Users are encourage to use the system function version of the math operation instead of the operator for better compatability with IEEE std 1364-2005 Verilog HDL.
9.15 Analog kernel parameter system functions
Verilog AMS HDL adds a set of system functions called the analog kernel parameter functions.
The syntax for these functions are shown in Syntax 9-10.
environment_parameter_functions ::= $temperature
| $vt [ ( temperature_expression ) ]
| $simparam ( param_name [, expression] )
| $simparam$str ( param_name )
Syntax 9-10—Syntax for the environment parameter functions
These functions return information about the current environment parameters as a real value.
$temperature does not take any input arguments and returns the circuit’s ambient temperature in Kelvin units.
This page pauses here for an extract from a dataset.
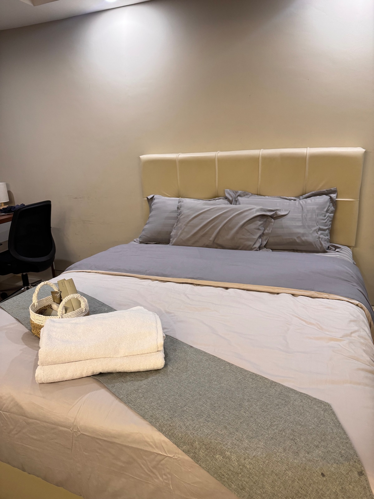 Alójate con comodidad en una cálida habitación estudio con bonitas vistas a la ciudad y a la laguna de al lado. Completada con juego de cocina, cama tamaño queen y espacio de trabajo con acceso wifi ilimitado, tu estancia te sentirás como en casa. Disfruta de diversas instalaciones: piscina, zona de juegos para niños, gimnasio, centro comercial, cine y diversos restaurantes. Por motivos de salud y seguridad de todos los huéspedes, este apartamento se limpia con antisepticos y desinfectante antes de la llegada.

$vt can optionally have temperature (in Kelvin units) as an input argument and returns the thermal voltage (kT/q) at the given temperature. $vt without the optional input temperature argument returns the thermal voltage using $temperature.
$simparam() queries the simulator for a real-valued simulation parameter named param_name. The argument param_name is a string value, either a string literal, string parameter, or a string variable. If param_name is known, its value is returned. If param_name is not known, and the optional expression is not supplied, then an error is generated. If the optional expression is supplied, its value is returned if param_name is not known and no error is generated. $simparam() shall always return a real value; simulation parameters that have integer values shall be coerced to real. There is no fixed list of simulation parameters. However, simulators shall accept the strings in Table 9-26 to access commonly-known simulation parameters, if they support the parameter. Simulators can also accept other strings to access the same parameters.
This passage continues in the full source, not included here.